## Directions
When you repeat the records, keep every word exact and drop each picture.

=== Section Start ===

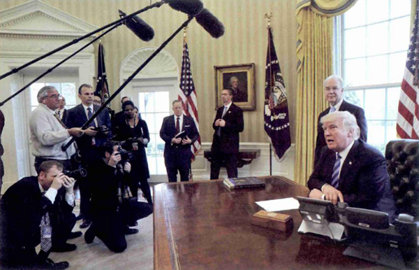 第二,特朗普仍受美国社会精英和舆论的制约。特朗普是以“反体制、反精英”当选总统和执政的,目前看来他仍在延续这一特征。美国政界和社会精英绝大多数仍然反对特朗普、反对其多数政策主张。这些人在一对一权力上不如总统,但合在一起的作用和影响仍然巨大。这些体制内的精英包括国会议员、法官、政府内的工作人员、大企业家和专家学者等。单是包括联邦调查局、国家安全局、中央情报局等在内的政府内精英就足以有能力、有办法给特朗普总统制造障碍,特朗普已经充分领教了这一点并表示愤愤不平,但又无可奈何。如美国情报、安全部门不断“透露”出的特朗普内阁成员、主要顾问及总统本人的“通俄”消息,安全部门和国会对此持续的调查等对特朗普政府及执政而言是重大的打击和挫折。
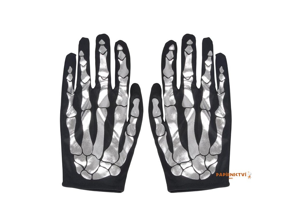 Černé rukavice s výrazným stříbrným potiskem kostry jsou ideální pro každého, kdo chce na Halloween či karnevalu zaujmout. Lesklé kosti kontrastují s tmavým podkladem, takže i jednoduchý kostým získá jedinečný vzhled.
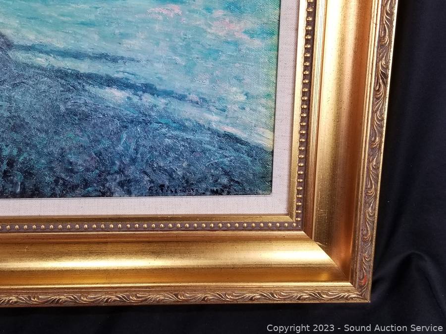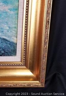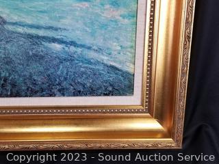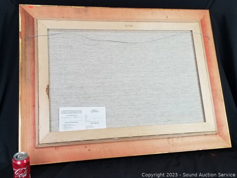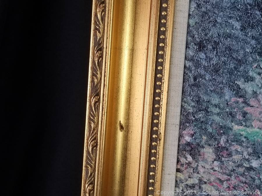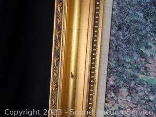 Lot Details: Oil on canvas, nice wood gold framed. Unable to make out signature, refer to photos. 30" x 40".
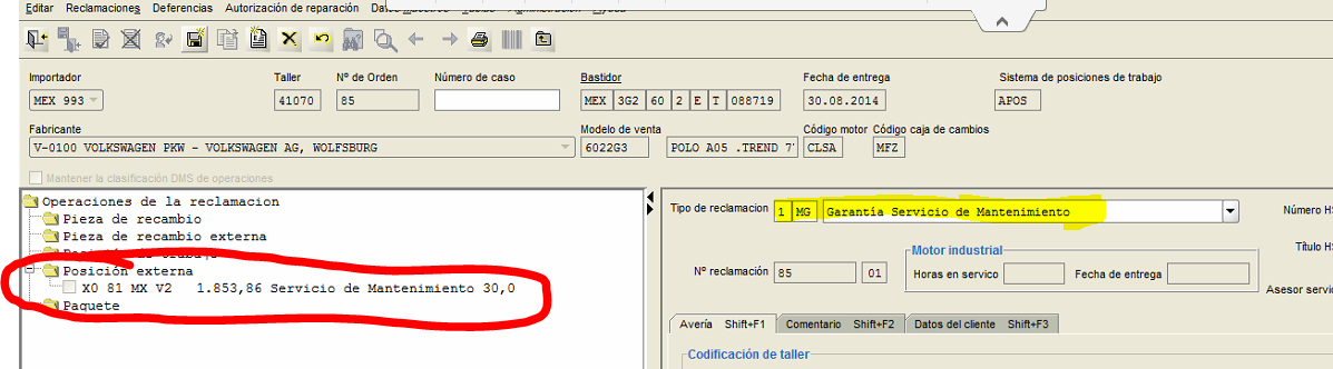 Cuando la reclamación este en SAGA con una única poscición de trabajo que se maneja como externa, el proceso que debe llevar es el normal. Se codifica, y se importan averias en W32.
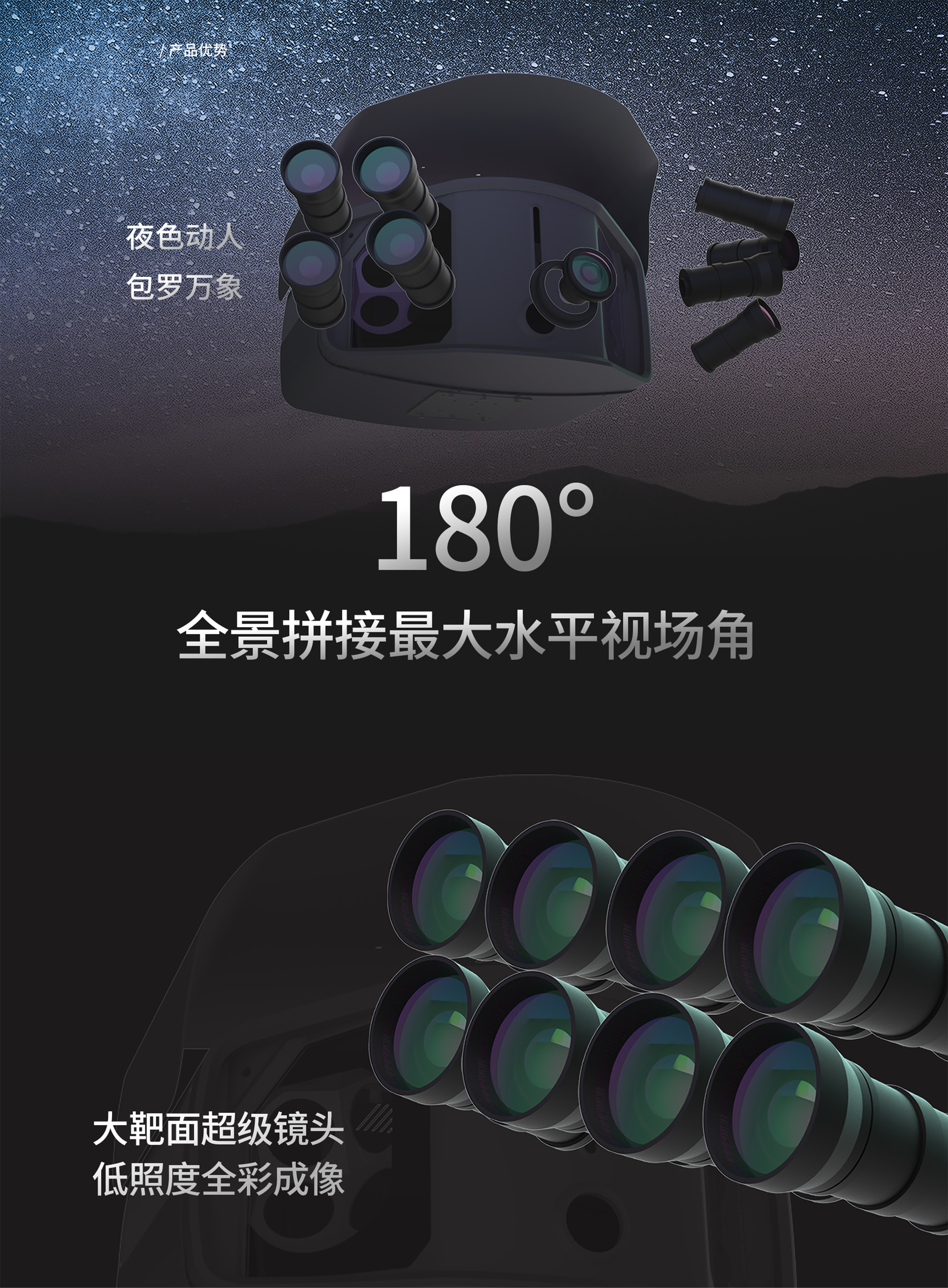 黑光智能阵列相机采用高通光量镜头搭配超大靶面图像传感器,提供全彩级夜视效果,满足应用场景下24小时全天候监控需要。8K级复眼超融合,支持无损传输,精细还原图像细节。内置高性能AI处理器,可提供8Tops算力。180°超大水平视角,适用于机场、港口码头、边海防等开阔场景的全视野实时监控。
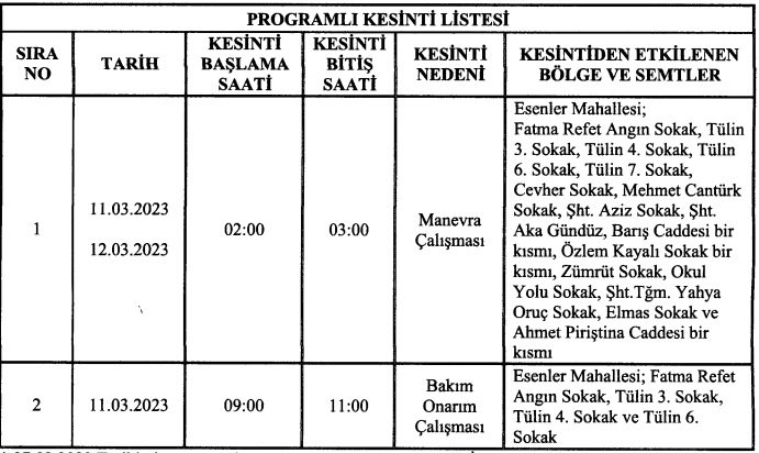 Enerji dağıtım şebekesinde yapılacak olan bakım onarım ve manevra çalışması kapsamında görselde belirtilen tarih ve belirtilen yerlerde elektrik kesintisi uygulanacaktır.
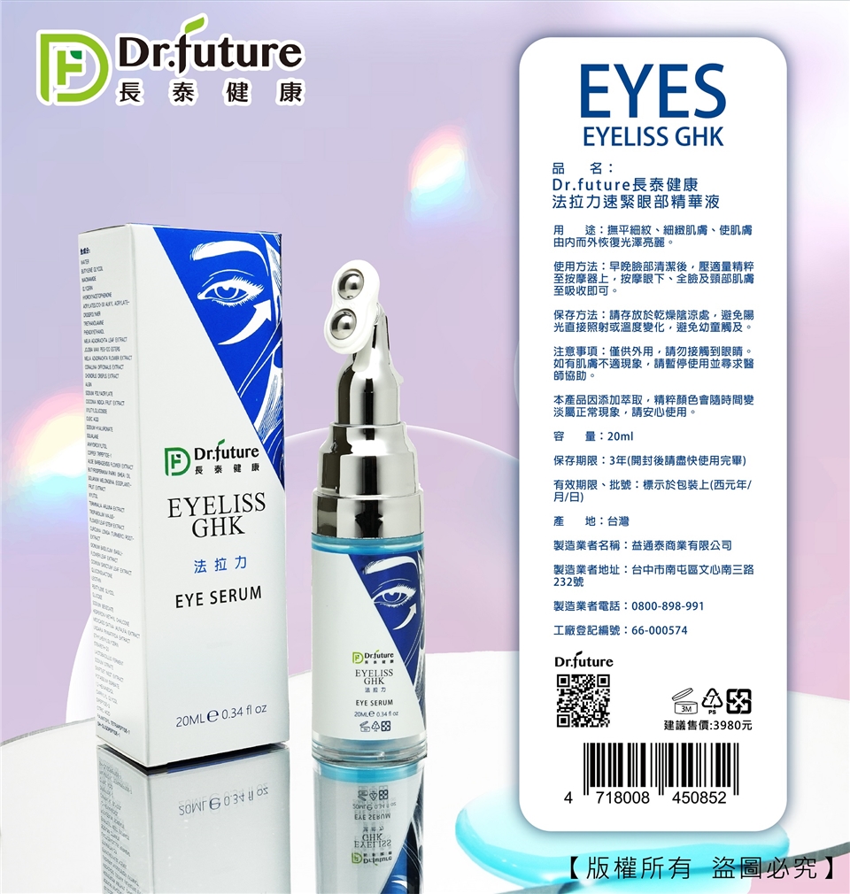 主商品:Dr.future長泰健康法拉力速緊眼部精華液(20ml/瓶)*4(不開放體驗)
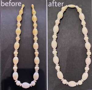 経年で小キズがついて、つやがなくなってしまったサンゴを磨きました。 丁寧に磨く事でつやが出て、白く粉
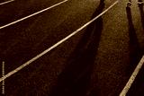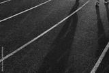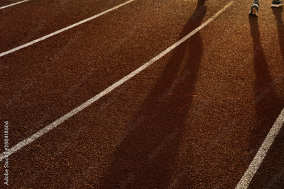 shadow of running people for exercise on the red and white line track floor of sport field in the morning sunrise background
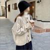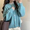 Chic Coreano Otoño Simple Estilo Perezoso Cuello en V Suelto Aguja Gruesa Manga Linterna Cárdigan Largo Suéter Tejido Chaqueta
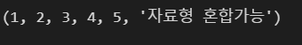 tup = (1,2,3,4,5,"자료형 혼합가능")
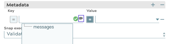 | Metadata | Use this field set to configure the metadata associated with the function result. The metadata is not sent to the model in the tool calling Snaps; instead, it is passed downstream for further use. For example, you could add a log field as metadata to pass the tool execution log downstream. Learn more about how the tool calling Snap parses the message payload. You can click
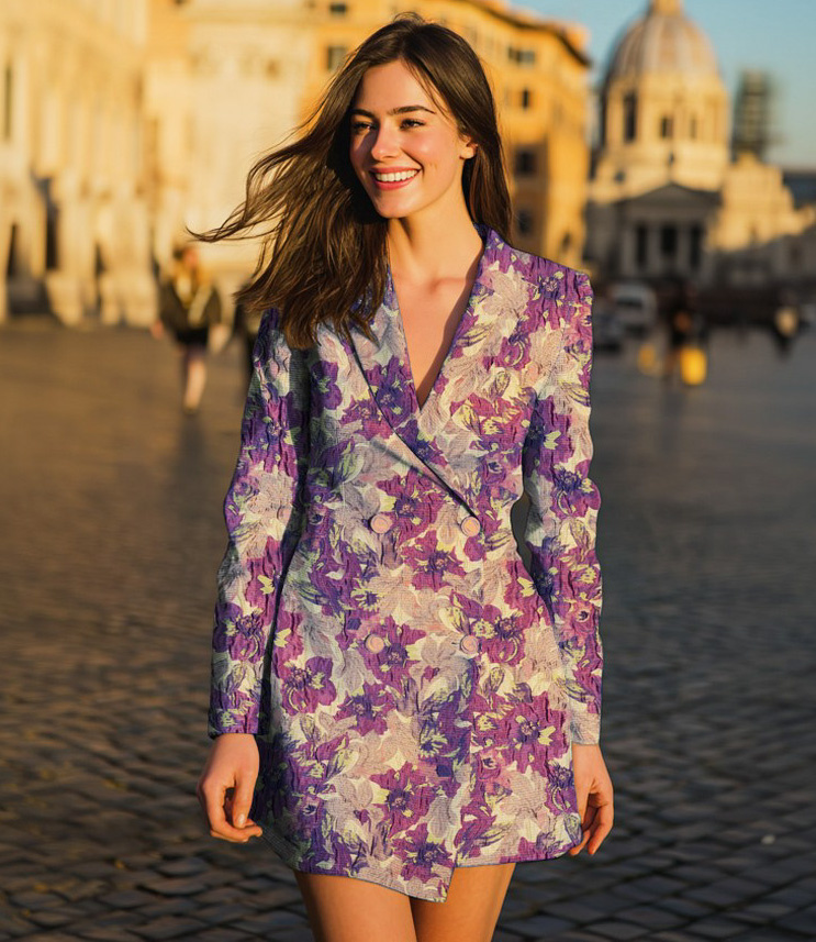 A beautiful woven jacquard with floral details. This flowing jacquard is ideal for blouses, dresses, skirts, and blazers. It's also perfect for loose-fitting trousers. Or as a sleeve detail on a sweater or blazer.
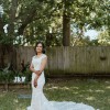 It's a fit and flare number but incredibly comfortable to wear. I wore this all day both for my ceremony (outdoor) and reception. Stunning Chantilly lace and botanical motifs feature throughout the entire gown,
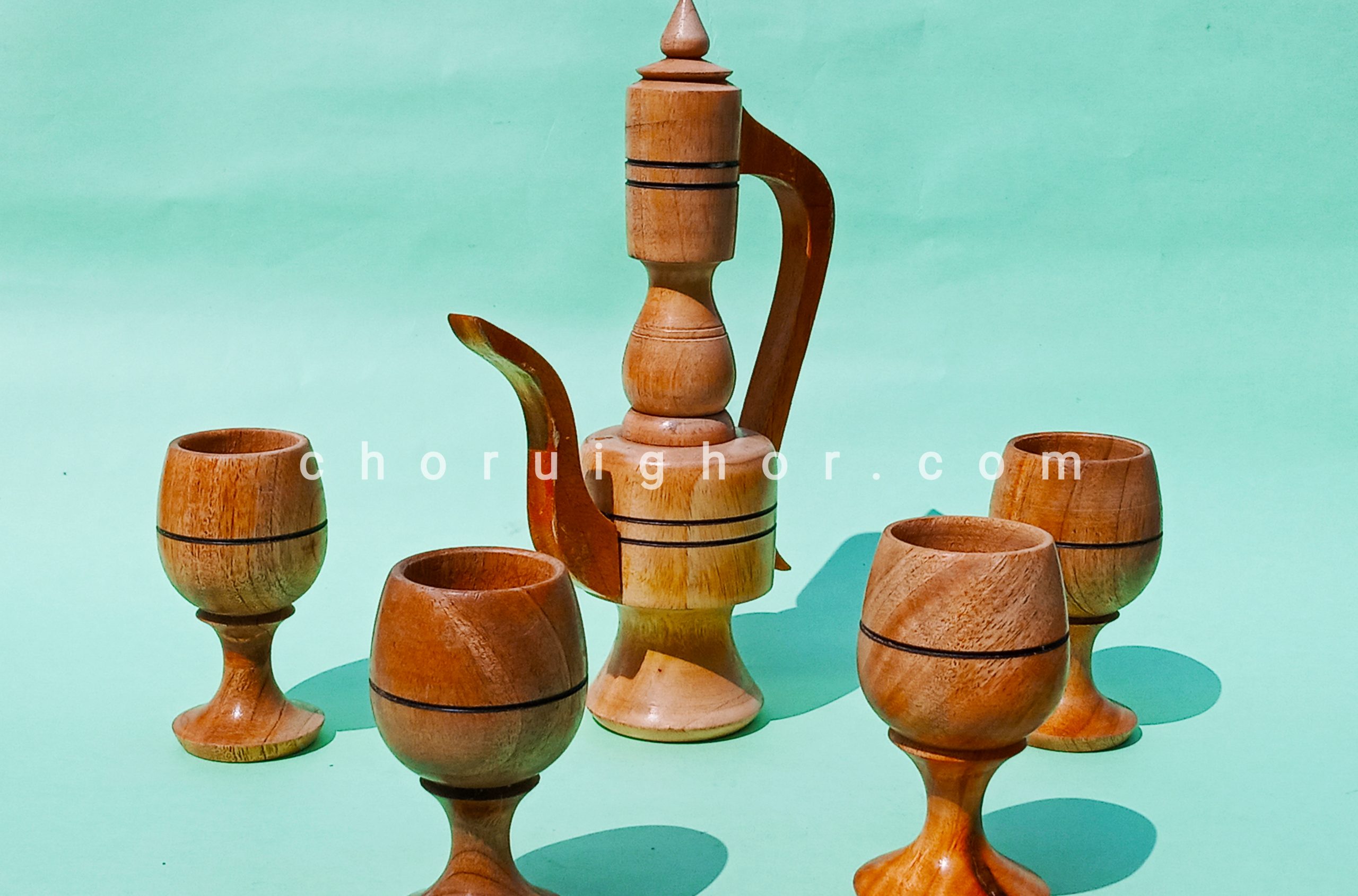 কাঠের শরাবদানী (বড়) একটি জগ চারটি গ্লাস জগের উচ্চতাঃ৯ ইঞ্চি প্রায় গ্লাসের উচ্চতাঃ ৩.৫ ইঞ্চি প্রায় মূল্যঃ ৪০০ টাকা
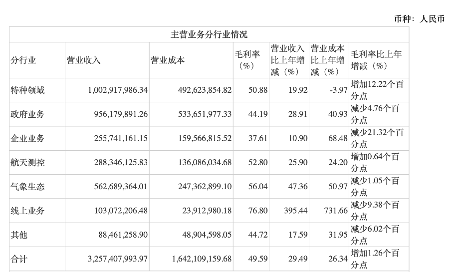 年报显示,中科星图的营收主要来自特种领域、政府业务、企业业务、航天测控、气象生态、线上业务等。
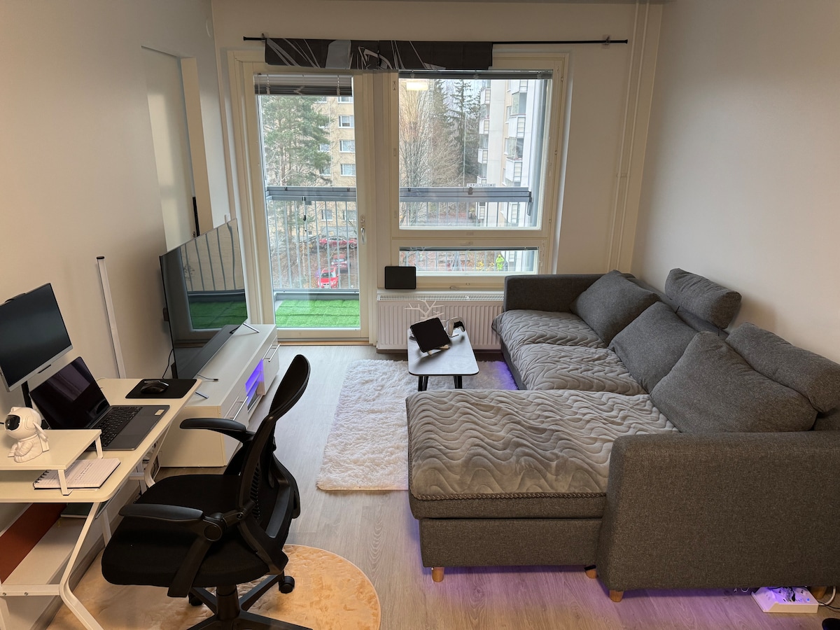 To mirno 2-sobno stanovanje se nahaja v 2. nadstropju mirne, dobro vzdrževane stavbe, zgrajene leta 2016. Ima novo pohištvo, trdo zakonsko posteljo, balkon in kuhinjo, opremljeno z aparati. Na voljo je dobra povezava Wi-Fi in pametna televizija. Do stanovanja se lahko pripeljete z neposrednim avtobusom z letališča ali železniške postaje Tikkurila. Do središča Helsinkov vas loči neposredna vožnja s podzemno železnico. Lokalne znamenitosti vključujejo čudovite gozdove in center za obiskovalce Fazer, ki ponuja odličen brunch.
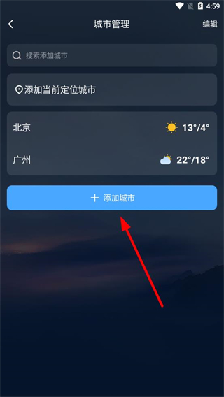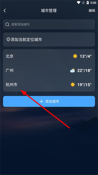 2、在城市管理页面点击添加城市选项,进入添加城市页面。
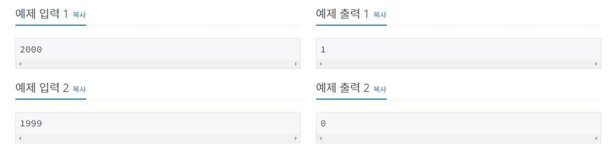 ์ถ๋ ฅ: ์ค๋ ์ด ๋ง์ผ๋ฉด 1, ์๋๋ฉด 0 ์ถ๋ ฅ.
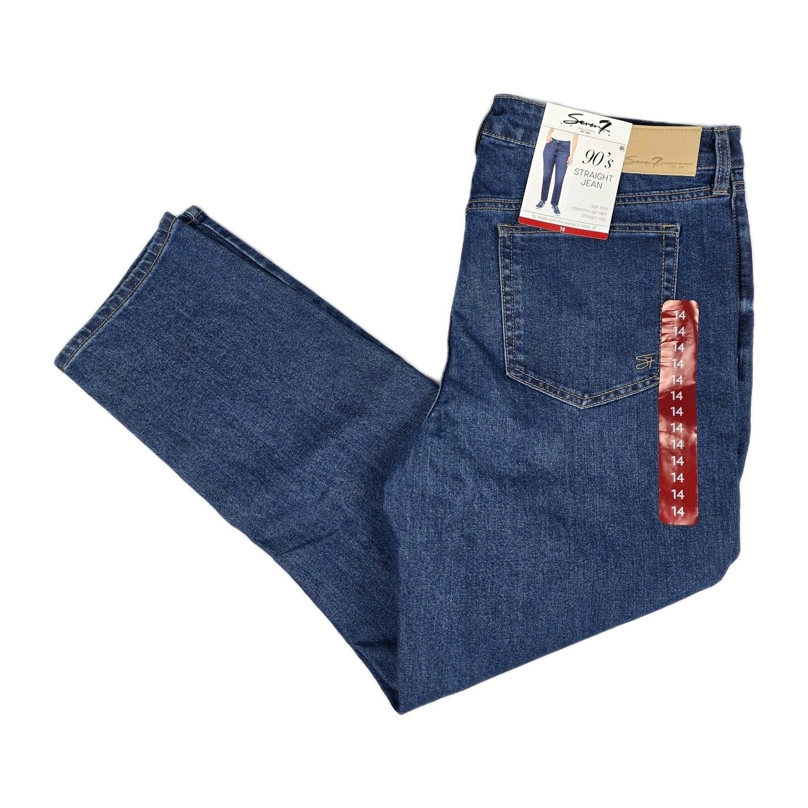 - Seven7 Jeans Womens Size 14 90's Straight Jean In Divine Blue Denim Pants New

=== Section End ===

## Completed task
 第二,特朗普仍受美国社会精英和舆论的制约。特朗普是以“反体制、反精英”当选总统和执政的,目前看来他仍在延续这一特征。美国政界和社会精英绝大多数仍然反对特朗普、反对其多数政策主张。这些人在一对一权力上不如总统,但合在一起的作用和影响仍然巨大。这些体制内的精英包括国会议员、法官、政府内的工作人员、大企业家和专家学者等。单是包括联邦调查局、国家安全局、中央情报局等在内的政府内精英就足以有能力、有办法给特朗普总统制造障碍,特朗普已经充分领教了这一点并表示愤愤不平,但又无可奈何。如美国情报、安全部门不断“透露”出的特朗普内阁成员、主要顾问及总统本人的“通俄”消息,安全部门和国会对此持续的调查等对特朗普政府及执政而言是重大的打击和挫折。
 Černé rukavice s výrazným stříbrným potiskem kostry jsou ideální pro každého, kdo chce na Halloween či karnevalu zaujmout. Lesklé kosti kontrastují s tmavým podkladem, takže i jednoduchý kostým získá jedinečný vzhled.
 Lot Details: Oil on canvas, nice wood gold framed. Unable to make out signature, refer to photos. 30" x 40".
 Cuando la reclamación este en SAGA con una única poscición de trabajo que se maneja como externa, el proceso que debe llevar es el normal. Se codifica, y se importan averias en W32.
 黑光智能阵列相机采用高通光量镜头搭配超大靶面图像传感器,提供全彩级夜视效果,满足应用场景下24小时全天候监控需要。8K级复眼超融合,支持无损传输,精细还原图像细节。内置高性能AI处理器,可提供8Tops算力。180°超大水平视角,适用于机场、港口码头、边海防等开阔场景的全视野实时监控。
 Enerji dağıtım şebekesinde yapılacak olan bakım onarım ve manevra çalışması kapsamında görselde belirtilen tarih ve belirtilen yerlerde elektrik kesintisi uygulanacaktır.
 主商品:Dr.future長泰健康法拉力速緊眼部精華液(20ml/瓶)*4(不開放體驗)
 経年で小キズがついて、つやがなくなってしまったサンゴを磨きました。 丁寧に磨く事でつやが出て、白く粉
 shadow of running people for exercise on the red and white line track floor of sport field in the morning sunrise background
 Chic Coreano Otoño Simple Estilo Perezoso Cuello en V Suelto Aguja Gruesa Manga Linterna Cárdigan Largo Suéter Tejido Chaqueta
 tup = (1,2,3,4,5,"자료형 혼합가능")
 | Metadata | Use this field set to configure the metadata associated with the function result. The metadata is not sent to the model in the tool calling Snaps; instead, it is passed downstream for further use. For example, you could add a log field as metadata to pass the tool execution log downstream. Learn more about how the tool calling Snap parses the message payload. You can click
 A beautiful woven jacquard with floral details. This flowing jacquard is ideal for blouses, dresses, skirts, and blazers. It's also perfect for loose-fitting trousers. Or as a sleeve detail on a sweater or blazer.
 It's a fit and flare number but incredibly comfortable to wear. I wore this all day both for my ceremony (outdoor) and reception. Stunning Chantilly lace and botanical motifs feature throughout the entire gown,
 কাঠের শরাবদানী (বড়) একটি জগ চারটি গ্লাস জগের উচ্চতাঃ৯ ইঞ্চি প্রায় গ্লাসের উচ্চতাঃ ৩.৫ ইঞ্চি প্রায় মূল্যঃ ৪০০ টাকা
 年报显示,中科星图的营收主要来自特种领域、政府业务、企业业务、航天测控、气象生态、线上业务等。
 To mirno 2-sobno stanovanje se nahaja v 2. nadstropju mirne, dobro vzdrževane stavbe, zgrajene leta 2016. Ima novo pohištvo, trdo zakonsko posteljo, balkon in kuhinjo, opremljeno z aparati. Na voljo je dobra povezava Wi-Fi in pametna televizija. Do stanovanja se lahko pripeljete z neposrednim avtobusom z letališča ali železniške postaje Tikkurila. Do središča Helsinkov vas loči neposredna vožnja s podzemno železnico. Lokalne znamenitosti vključujejo čudovite gozdove in center za obiskovalce Fazer, ki ponuja odličen brunch.
 2、在城市管理页面点击添加城市选项,进入添加城市页面。
 ์ถ๋ ฅ: ์ค๋ ์ด ๋ง์ผ๋ฉด 1, ์๋๋ฉด 0 ์ถ๋ ฅ.
 - Seven7 Jeans Womens Size 14 90's Straight Jean In Divine Blue Denim Pants New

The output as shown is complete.